Prompt: Below are some records. Return exactly their lines from the one containing "Светильник имеет размеры" through the one containing "Web deco クッション【M】【両面】【カバーのみ】【4個セット】", and drop the pictures.

Records provided:
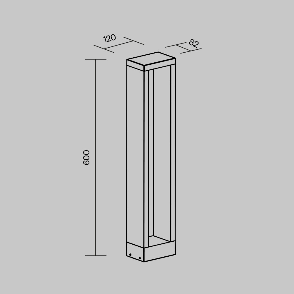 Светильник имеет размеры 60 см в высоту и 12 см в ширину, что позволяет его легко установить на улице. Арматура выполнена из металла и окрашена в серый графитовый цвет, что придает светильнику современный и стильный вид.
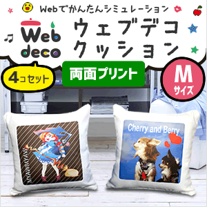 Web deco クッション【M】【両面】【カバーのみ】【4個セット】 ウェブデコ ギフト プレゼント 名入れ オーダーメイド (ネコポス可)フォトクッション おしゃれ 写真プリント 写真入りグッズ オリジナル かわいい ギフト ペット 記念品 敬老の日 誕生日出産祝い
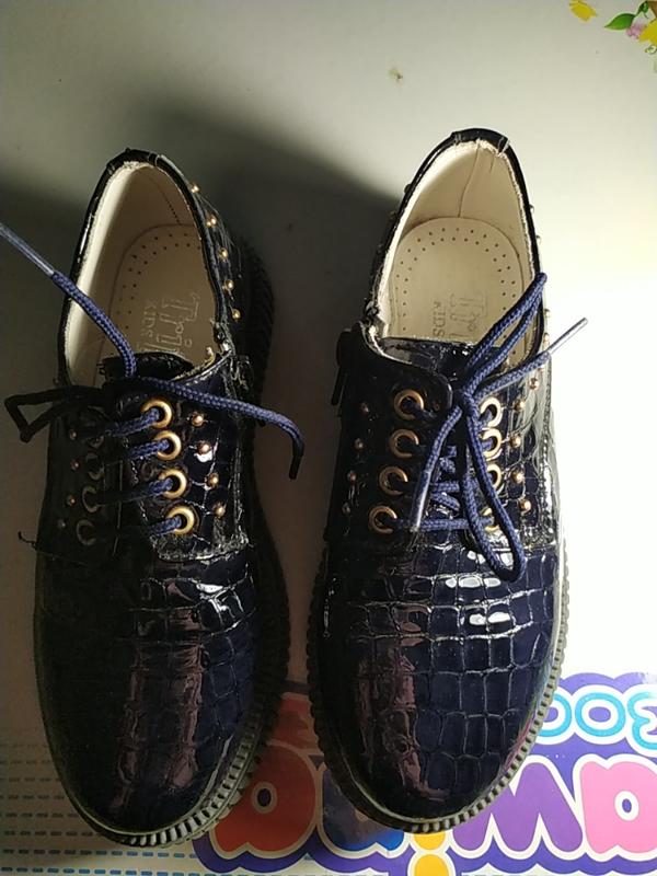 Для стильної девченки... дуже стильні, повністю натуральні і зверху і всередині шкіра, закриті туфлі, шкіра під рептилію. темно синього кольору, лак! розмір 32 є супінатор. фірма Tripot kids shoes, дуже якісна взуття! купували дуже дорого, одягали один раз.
==
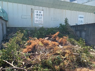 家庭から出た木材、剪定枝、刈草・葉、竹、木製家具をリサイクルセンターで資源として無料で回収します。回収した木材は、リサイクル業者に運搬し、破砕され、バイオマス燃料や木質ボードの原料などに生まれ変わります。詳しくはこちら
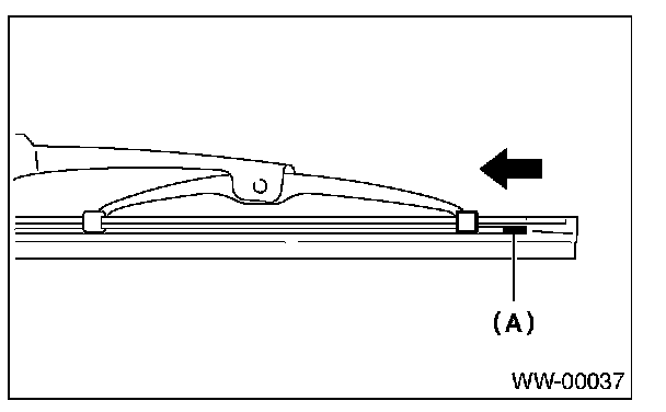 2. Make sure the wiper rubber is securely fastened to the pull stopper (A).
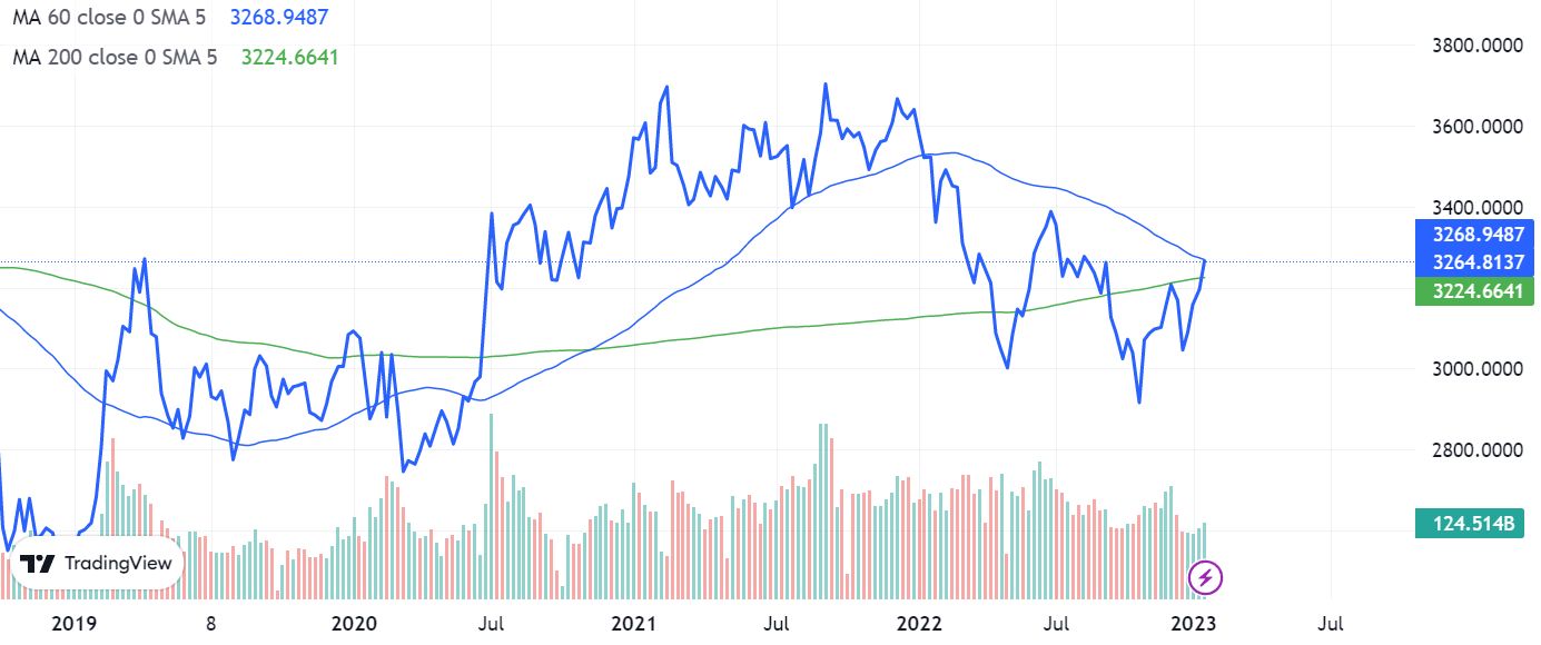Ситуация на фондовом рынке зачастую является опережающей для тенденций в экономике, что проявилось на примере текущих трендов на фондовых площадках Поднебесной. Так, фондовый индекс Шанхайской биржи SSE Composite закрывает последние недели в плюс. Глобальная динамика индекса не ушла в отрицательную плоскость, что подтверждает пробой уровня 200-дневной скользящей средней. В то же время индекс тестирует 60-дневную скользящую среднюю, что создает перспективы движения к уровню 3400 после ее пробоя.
---
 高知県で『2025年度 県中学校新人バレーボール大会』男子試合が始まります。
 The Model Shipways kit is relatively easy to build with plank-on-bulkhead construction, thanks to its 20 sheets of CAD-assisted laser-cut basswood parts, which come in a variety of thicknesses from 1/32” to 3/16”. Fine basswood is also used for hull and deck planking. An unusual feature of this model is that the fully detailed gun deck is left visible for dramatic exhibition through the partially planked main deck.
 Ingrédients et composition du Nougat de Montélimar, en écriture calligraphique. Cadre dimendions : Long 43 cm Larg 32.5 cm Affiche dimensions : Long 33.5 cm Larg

Task answer:
 Светильник имеет размеры 60 см в высоту и 12 см в ширину, что позволяет его легко установить на улице. Арматура выполнена из металла и окрашена в серый графитовый цвет, что придает светильнику современный и стильный вид.
 Web deco クッション【M】【両面】【カバーのみ】【4個セット】 ウェブデコ ギフト プレゼント 名入れ オーダーメイド (ネコポス可)フォトクッション おしゃれ 写真プリント 写真入りグッズ オリジナル かわいい ギフト ペット 記念品 敬老の日 誕生日出産祝い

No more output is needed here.